No Voter Fraud, No Understanding, No Leadership

  On Wednesday, we spoke about how important it is to remember that Hillary Clinton won the popular vote. This was a bad fact for Trump and thus important to highlight for keeping our movement going.  It has become very clear that this is a fact Trump hates. Hillary Clinton got more votes. Donald Trump hates this fact, and, as with all facts he hates, he has begun a systematic effort to make it not true.  This pattern began with his very first loss in the Iowa Caucuses, and he does it with all electoral defeats.  There is a potential method to this madness, in that his attacks on the voting system even in victory will potentially allow him to spin any subsequent electoral weakness as fraud and thus undermine the very pillars of democracy.  This approach might well be a systematic attack, or it could also be Trump’s psychological lashing out. Both are troubling.

But for today we are going to focus on a slightly different arena, and one that has sweeping implications for what we face.   Trump now makes the wholly unsubstantiated accusation that there were millions of illegal votes despite his winning.  What this shows without a shadow of a doubt is that he does not have the slightest idea of how voting in America works.  In all but one state, we have voter registration. At the time of voter registration, you have a responsibility to show documentation proving who you are, and you have to swear under penalty of perjury that you are an American citizen.  The people who run elections are constantly checking and rechecking for a voter’s eligibility and as a consequence of this entire system, almost no one who is here illegally successfully casts a ballot.

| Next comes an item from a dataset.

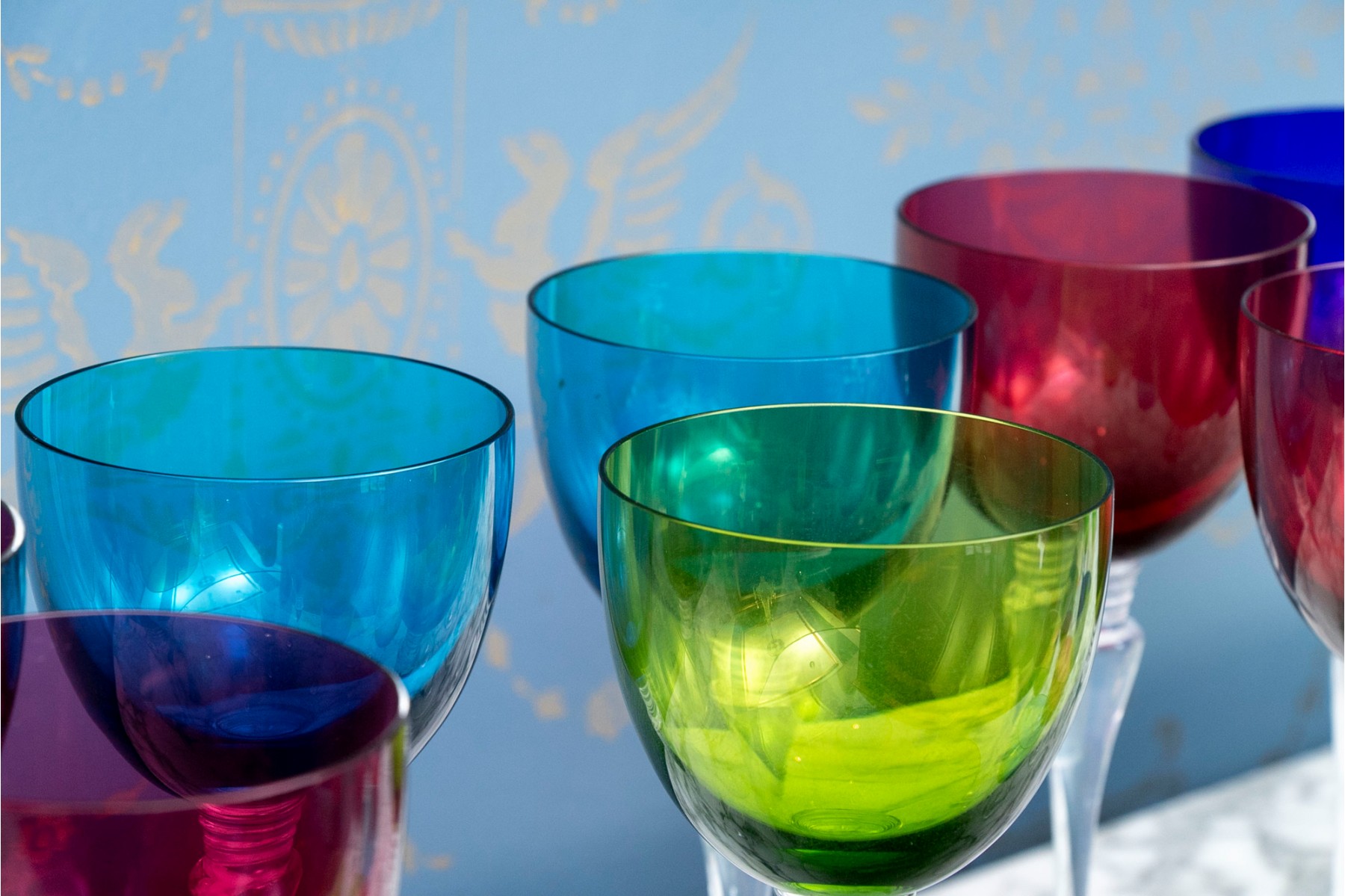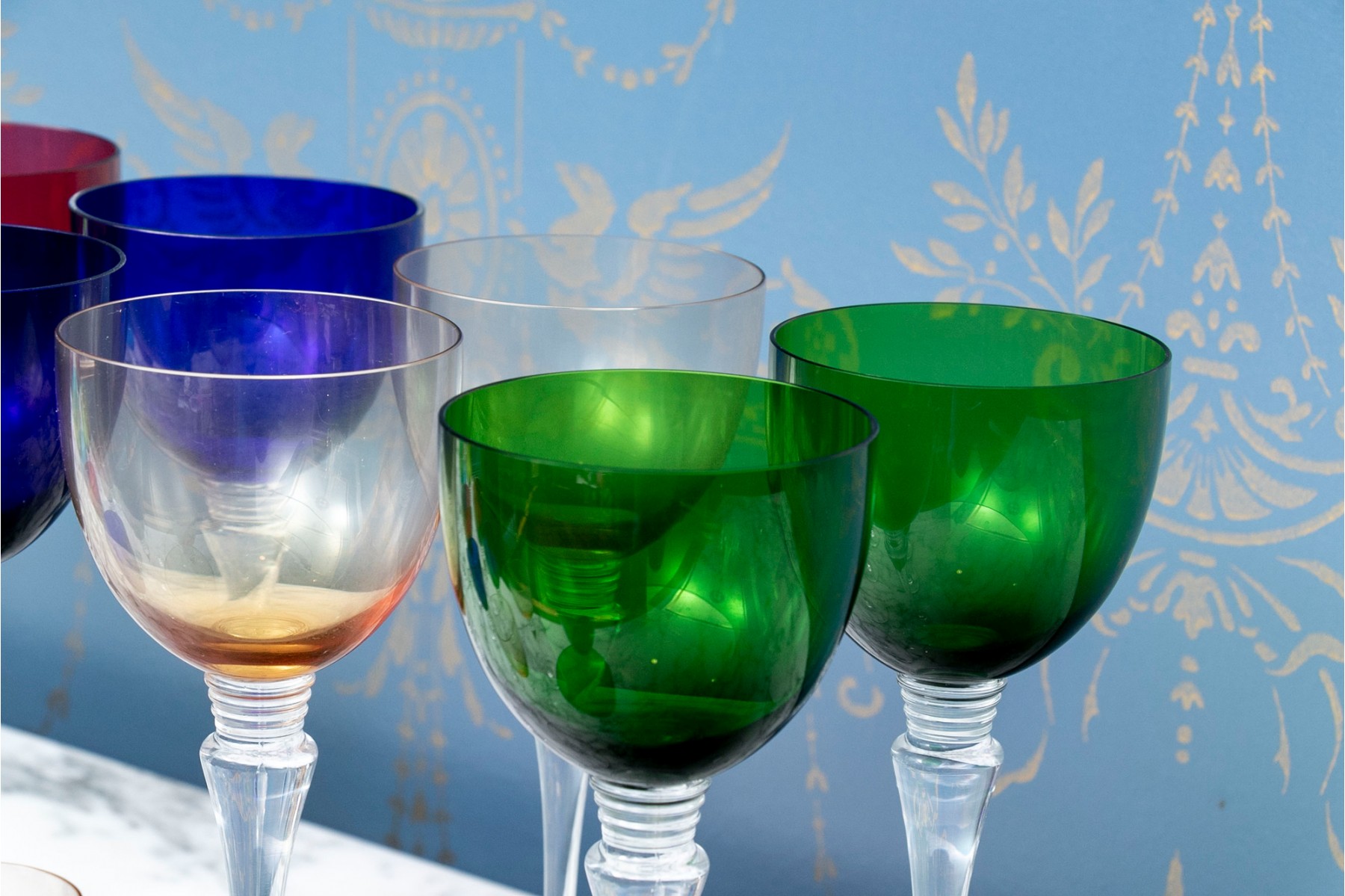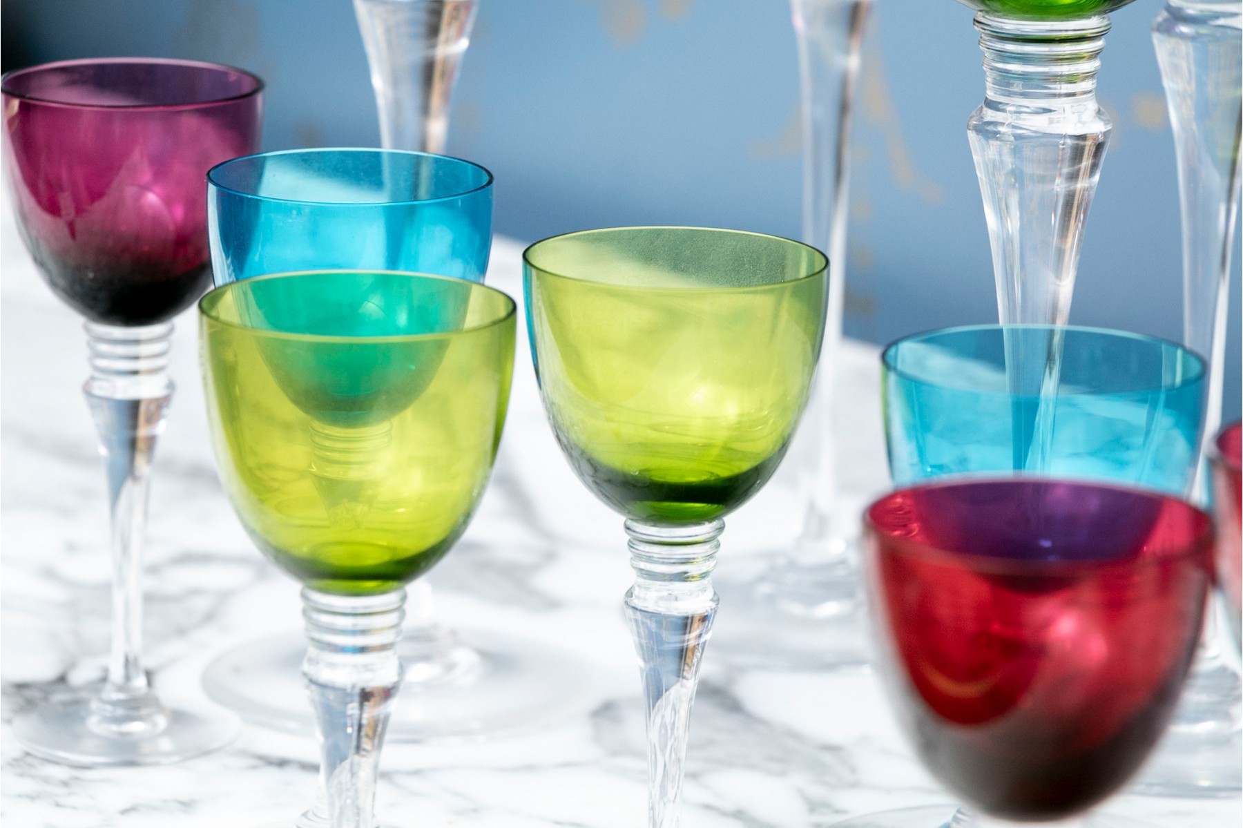The Cristal St. Louis Grand Lieu stemware set includes 13 multi-colored wine glasses and 14 shooters, offering a vibrant and elegant collection for various occasions.

This does not mean there are absolutely no unlawful voters, but there are so close to none as to render it basically a non-issue. It is disconcerting that the President-Elect does not seem to know this very basic fact about how our democracy works. Instead he wants to believe the delusions of those who suggest millions of people would commit a serious crime, in order to vote in an election, and yet that they would do so in a way which would not even guarantee the person they were voting for a victory.  This is just kind of nutty.  

While it could be the case that this is all political posturing, it is worth stressing repeatedly how important it is to understand how things work if you are going to be in charge of them.  This is not simply about voting either.  While the country clearly has problems, and critics can point to lots and lots of examples of things not working, on the whole in the United States of America things work. They can be made to work better. They can be made to include more people. They could be more efficient.  They could be more humane.   But the basic systems we have work. To lack an understanding of how they work is to be unable to govern.